– After all that had happened, the rain delay and the various rundowns and the defensive mistakes and White Sox home runs, the Twins’ 5-2 victory over Chicago came down to one critical play Tuesday night: an intentional walk.

That was the White Sox’ big mistake, telling Joe Mauer to take his base — not because of the strategy, but because of who it offended. “I don’t think it’s smart. But I like it [because] I’m focused to have a better at-bat,” said Eddie Rosario, who turned that motivation into a tie-breaking, ninth-inning single. “I know everybody respects Joe Mauer. But I don’t like [getting] no respect.”

You’d think the White Sox would know better, considering Rosario has driven in a dozen runs against them this season, more than anyone except Detroit’s Nick Castellanos. But Sox reliever Jace Fry fell behind Rosario 3-1, then tried to sneak a low fastball past him. Didn’t work.

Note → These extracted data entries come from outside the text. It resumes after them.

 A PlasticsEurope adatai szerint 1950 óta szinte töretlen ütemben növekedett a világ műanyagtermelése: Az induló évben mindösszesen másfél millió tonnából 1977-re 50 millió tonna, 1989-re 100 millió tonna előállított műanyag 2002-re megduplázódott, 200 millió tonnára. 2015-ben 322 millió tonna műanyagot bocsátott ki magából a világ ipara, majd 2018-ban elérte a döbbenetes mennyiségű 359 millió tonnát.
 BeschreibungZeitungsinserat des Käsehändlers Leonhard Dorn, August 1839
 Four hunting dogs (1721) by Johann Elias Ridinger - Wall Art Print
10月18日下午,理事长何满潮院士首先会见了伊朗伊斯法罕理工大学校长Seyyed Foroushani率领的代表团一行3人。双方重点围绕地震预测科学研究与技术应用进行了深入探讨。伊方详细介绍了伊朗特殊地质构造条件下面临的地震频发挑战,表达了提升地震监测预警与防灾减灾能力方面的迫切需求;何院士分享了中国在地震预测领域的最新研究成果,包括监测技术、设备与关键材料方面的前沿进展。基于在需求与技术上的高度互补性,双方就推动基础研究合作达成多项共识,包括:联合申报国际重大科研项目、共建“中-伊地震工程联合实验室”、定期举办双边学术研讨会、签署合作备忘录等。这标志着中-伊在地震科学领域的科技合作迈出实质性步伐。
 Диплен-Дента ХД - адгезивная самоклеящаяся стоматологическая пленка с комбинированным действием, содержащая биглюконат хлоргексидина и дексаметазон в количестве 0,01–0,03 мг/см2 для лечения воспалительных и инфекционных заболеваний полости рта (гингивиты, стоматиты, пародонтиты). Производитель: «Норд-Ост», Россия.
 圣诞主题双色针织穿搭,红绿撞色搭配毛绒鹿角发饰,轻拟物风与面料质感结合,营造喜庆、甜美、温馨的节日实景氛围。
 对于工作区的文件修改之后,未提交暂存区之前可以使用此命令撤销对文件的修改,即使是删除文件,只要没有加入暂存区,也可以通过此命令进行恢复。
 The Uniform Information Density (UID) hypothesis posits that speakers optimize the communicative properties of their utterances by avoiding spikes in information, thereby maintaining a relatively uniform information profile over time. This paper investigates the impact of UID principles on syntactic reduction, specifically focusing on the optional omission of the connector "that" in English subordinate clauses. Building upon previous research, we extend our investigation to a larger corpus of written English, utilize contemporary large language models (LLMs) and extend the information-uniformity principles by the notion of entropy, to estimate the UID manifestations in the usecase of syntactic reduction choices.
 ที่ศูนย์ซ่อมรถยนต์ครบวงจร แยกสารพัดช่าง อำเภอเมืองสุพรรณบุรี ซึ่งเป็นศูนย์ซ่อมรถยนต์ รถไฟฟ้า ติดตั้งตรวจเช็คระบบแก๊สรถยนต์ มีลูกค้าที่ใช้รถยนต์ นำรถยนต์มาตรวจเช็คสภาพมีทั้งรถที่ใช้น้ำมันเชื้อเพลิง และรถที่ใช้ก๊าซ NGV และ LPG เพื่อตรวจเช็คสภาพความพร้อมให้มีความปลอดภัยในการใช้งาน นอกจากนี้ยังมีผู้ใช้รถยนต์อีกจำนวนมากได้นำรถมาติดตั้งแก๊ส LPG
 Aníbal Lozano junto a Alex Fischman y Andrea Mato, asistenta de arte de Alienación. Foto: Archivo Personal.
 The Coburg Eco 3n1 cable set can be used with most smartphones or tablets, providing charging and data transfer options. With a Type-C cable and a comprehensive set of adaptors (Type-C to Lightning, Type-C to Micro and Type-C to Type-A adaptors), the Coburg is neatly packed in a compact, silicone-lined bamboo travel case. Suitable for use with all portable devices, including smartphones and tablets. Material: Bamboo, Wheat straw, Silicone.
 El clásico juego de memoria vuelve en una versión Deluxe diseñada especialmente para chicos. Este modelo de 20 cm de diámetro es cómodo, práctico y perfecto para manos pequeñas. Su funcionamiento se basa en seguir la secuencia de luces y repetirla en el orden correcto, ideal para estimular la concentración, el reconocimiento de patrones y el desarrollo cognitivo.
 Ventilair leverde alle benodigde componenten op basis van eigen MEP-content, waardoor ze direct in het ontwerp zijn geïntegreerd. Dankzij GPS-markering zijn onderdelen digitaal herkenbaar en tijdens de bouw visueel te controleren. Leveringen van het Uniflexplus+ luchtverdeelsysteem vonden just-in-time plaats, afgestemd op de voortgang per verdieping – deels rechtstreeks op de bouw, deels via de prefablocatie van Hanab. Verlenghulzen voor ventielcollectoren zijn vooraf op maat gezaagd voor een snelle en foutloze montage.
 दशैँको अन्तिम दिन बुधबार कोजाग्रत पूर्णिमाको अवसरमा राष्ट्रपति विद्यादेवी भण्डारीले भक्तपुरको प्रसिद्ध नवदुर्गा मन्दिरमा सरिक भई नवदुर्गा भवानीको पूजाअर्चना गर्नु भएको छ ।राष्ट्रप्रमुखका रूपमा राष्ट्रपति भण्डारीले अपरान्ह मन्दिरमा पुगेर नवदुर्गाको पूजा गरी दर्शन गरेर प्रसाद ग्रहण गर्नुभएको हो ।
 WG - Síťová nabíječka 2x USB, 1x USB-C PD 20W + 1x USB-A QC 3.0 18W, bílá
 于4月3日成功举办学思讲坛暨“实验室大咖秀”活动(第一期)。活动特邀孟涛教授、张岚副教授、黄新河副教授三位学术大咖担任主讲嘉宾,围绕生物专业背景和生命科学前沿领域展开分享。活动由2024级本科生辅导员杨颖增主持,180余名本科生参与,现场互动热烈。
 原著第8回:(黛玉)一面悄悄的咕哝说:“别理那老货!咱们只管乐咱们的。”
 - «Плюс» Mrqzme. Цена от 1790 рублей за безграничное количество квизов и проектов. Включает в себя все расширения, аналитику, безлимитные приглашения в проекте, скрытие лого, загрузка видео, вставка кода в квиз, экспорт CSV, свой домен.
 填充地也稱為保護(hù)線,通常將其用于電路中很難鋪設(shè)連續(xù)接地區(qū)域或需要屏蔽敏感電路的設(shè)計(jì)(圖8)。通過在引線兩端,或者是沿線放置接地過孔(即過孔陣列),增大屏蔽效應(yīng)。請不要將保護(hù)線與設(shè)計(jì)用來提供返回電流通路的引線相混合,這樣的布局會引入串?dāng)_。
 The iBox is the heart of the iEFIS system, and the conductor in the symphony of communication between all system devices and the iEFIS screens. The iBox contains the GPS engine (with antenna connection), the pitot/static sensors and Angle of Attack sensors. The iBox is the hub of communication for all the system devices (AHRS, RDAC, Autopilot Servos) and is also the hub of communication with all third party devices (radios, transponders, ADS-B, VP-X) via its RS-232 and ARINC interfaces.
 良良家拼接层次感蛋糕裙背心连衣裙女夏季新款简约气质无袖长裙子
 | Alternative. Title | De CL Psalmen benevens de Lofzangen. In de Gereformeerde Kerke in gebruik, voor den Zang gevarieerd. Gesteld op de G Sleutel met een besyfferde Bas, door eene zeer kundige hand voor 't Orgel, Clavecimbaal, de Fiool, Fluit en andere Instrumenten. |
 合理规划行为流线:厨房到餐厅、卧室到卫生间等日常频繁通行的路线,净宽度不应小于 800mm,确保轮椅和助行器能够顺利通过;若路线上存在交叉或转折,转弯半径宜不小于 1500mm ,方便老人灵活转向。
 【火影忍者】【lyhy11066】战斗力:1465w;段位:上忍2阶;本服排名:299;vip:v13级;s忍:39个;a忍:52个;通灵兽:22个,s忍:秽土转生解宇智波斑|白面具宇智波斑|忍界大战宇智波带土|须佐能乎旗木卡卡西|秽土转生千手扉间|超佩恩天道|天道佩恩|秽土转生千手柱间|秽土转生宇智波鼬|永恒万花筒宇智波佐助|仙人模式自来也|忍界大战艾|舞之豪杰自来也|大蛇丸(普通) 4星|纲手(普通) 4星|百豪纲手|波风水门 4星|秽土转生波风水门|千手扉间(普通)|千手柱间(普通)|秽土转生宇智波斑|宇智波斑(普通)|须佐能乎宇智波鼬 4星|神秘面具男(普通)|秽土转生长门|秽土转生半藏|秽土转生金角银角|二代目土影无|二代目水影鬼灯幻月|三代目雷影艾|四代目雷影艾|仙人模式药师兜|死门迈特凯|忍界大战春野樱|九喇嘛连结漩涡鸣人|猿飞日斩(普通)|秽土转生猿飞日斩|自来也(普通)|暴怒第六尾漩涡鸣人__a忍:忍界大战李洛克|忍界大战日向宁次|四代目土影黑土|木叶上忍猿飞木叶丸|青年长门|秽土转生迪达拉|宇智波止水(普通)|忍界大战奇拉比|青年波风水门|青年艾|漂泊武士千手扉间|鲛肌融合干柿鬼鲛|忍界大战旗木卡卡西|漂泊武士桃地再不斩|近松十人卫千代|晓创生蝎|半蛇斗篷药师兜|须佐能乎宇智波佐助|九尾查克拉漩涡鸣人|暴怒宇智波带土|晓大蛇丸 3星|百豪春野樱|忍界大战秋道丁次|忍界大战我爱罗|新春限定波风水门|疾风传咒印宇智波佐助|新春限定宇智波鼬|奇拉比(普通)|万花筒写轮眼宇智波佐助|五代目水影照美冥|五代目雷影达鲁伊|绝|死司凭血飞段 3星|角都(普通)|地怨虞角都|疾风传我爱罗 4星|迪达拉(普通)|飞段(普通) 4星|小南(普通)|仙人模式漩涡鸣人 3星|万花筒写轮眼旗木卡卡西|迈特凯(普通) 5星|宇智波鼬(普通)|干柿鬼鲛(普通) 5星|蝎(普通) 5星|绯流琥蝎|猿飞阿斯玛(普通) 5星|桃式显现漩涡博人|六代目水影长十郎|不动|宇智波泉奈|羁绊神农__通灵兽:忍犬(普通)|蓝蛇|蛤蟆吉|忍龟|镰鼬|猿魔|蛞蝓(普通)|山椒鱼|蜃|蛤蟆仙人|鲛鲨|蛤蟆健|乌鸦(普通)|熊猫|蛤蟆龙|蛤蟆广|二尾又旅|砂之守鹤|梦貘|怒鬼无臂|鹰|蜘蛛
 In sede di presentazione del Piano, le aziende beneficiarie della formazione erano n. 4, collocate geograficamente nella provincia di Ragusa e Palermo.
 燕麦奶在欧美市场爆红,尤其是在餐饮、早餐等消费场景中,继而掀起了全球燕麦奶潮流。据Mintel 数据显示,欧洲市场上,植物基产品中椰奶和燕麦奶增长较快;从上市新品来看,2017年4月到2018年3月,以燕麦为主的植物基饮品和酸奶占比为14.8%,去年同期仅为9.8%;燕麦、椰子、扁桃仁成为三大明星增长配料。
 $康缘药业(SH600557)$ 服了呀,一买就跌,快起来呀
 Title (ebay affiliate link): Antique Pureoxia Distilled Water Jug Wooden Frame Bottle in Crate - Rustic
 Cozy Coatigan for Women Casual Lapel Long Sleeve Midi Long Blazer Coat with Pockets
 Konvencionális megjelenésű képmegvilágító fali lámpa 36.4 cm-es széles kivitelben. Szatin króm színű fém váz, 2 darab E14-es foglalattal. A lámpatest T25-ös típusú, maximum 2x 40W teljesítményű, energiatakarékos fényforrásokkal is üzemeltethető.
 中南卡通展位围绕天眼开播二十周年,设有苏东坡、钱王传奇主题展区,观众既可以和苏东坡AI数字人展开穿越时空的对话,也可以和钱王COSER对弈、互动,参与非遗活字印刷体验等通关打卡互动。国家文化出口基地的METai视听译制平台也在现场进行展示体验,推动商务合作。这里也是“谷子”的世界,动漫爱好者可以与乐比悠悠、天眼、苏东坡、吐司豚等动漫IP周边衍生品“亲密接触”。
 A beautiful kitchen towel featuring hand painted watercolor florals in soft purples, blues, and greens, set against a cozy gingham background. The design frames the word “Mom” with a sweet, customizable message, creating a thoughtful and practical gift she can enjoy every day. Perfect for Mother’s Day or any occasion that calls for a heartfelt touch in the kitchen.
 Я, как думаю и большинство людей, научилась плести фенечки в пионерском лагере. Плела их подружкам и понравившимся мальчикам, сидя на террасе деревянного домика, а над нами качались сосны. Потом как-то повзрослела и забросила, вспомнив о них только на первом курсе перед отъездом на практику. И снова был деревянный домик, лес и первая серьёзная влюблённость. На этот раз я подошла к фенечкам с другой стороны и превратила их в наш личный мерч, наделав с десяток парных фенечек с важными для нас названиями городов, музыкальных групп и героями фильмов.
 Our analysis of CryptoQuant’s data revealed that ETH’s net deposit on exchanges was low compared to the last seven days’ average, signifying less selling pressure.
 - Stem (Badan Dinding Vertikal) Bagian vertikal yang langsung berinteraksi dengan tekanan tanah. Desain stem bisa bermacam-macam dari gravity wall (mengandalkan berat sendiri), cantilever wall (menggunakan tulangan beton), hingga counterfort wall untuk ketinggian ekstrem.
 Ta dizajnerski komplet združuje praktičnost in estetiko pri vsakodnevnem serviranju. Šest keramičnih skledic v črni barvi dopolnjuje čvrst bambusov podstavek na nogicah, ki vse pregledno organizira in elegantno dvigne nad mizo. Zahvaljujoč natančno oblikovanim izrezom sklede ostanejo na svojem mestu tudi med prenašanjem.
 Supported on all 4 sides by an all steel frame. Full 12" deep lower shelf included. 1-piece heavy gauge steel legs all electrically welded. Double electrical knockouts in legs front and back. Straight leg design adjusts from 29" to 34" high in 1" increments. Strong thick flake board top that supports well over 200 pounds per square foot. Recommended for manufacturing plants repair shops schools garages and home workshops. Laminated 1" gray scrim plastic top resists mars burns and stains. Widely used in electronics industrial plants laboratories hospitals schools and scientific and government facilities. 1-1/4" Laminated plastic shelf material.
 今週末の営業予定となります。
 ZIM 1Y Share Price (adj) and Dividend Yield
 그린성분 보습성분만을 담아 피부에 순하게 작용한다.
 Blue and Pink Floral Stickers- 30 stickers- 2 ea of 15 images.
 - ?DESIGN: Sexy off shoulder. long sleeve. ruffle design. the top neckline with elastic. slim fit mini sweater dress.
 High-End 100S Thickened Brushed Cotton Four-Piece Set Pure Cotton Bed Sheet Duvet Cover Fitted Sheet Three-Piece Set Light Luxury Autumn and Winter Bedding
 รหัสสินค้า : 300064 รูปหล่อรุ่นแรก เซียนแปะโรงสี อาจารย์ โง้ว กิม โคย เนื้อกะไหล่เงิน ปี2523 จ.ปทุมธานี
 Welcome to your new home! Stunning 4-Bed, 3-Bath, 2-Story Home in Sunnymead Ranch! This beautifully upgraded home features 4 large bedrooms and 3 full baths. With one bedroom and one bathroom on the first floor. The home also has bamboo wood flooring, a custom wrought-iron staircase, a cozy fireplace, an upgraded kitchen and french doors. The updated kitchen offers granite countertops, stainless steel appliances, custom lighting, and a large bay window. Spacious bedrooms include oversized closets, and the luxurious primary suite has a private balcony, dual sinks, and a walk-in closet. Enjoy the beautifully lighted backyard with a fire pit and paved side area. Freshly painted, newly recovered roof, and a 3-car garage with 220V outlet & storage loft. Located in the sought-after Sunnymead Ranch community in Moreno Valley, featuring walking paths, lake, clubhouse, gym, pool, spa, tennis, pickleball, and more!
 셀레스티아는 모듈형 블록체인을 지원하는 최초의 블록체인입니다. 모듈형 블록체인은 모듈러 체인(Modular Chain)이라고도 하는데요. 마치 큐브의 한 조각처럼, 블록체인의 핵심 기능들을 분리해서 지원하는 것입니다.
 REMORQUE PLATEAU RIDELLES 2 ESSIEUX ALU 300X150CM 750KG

“Line drive. Base hit,” Rosario said of the fat pitch. “I tried to [drive] in the RBI to finish the game.”


He did, looping the ball into center field, then moving up to second when Adam Engel bobbled it. Jorge Polanco followed with a two-run single of his own, and the Twins had made a wreck of what White Sox fans had hoped would be the kickoff of the Michael Kopech Era.

Kopech, the much-hyped pitching prospect who was acquired from Boston in the Chris Sale trade, was the center of attention for only two innings, thanks to a sudden summer shower. He threw 52 pitches, most of them at 97 miles per hour, and struck out four, with the crowd roaring at his every move. They cheered him from the moment he stepped out of the dugout to warm up, after all.

That’s the sort of thing that motivates Rosario, too.

“A really good fastball,” Rosario said of Kopech, though the Twins outfielder followed Mauer’s first-inning single with one of his own. “I didn’t want to be the first strikeout for this guy. I think we’ll see this guy a lot.”

The White Sox will see Jose Berrios a lot, too, and that seems to be good for the Twins. Berrios, 6-1 with a 2.24 ERA in his career against the White Sox, waited out the hourlong delay, did his best to stay warm, and convinced Twins manager Paul Molitor to leave him in the game. He gave up a solo home run to Nicky Delmonico, but no other Sox hitter reached second base.

The Twins, who had scored nearly all their runs on home runs over the past five days, instead relied on crafty baserunning to take the lead Tuesday. With one out in the fourth inning, three consecutive singles, the last by Robbie Grossman, produced one run to tie the score, and left Jake Cave on third base and Grossman on first. Molitor signaled for a hit-and-run, but Bobby Wilson missed the sign. Grossman took off for second base — and stopped halfway, realizing he was going to be out.

But as White Sox first baseman Matt Davidson finally tracked down Grossman and tagged him out, Cave broke for the plate and easily beat Davidson’s throw, giving the Twins a 2-1 lead.

“Jake made a nice read,” Molitor said. “They got a little overcommitted on the tag, and Jake got a good jump.”

Behind the strong pitching of Berrios and Gabriel Moya, that lead held up into the seventh inning. But after retiring five of the first six batters he faced, Moya finally slipped up against Yoan Moncada — who, like Kopech, came to Chicago in the Sale trade. A hanging changeup on a 1-1 count wound up in the left-field seats, tying the game on Moncada’s 16th home run.

That merely set up Chicago’s decision to walk Mauer in the ninth. Their biggest mistake.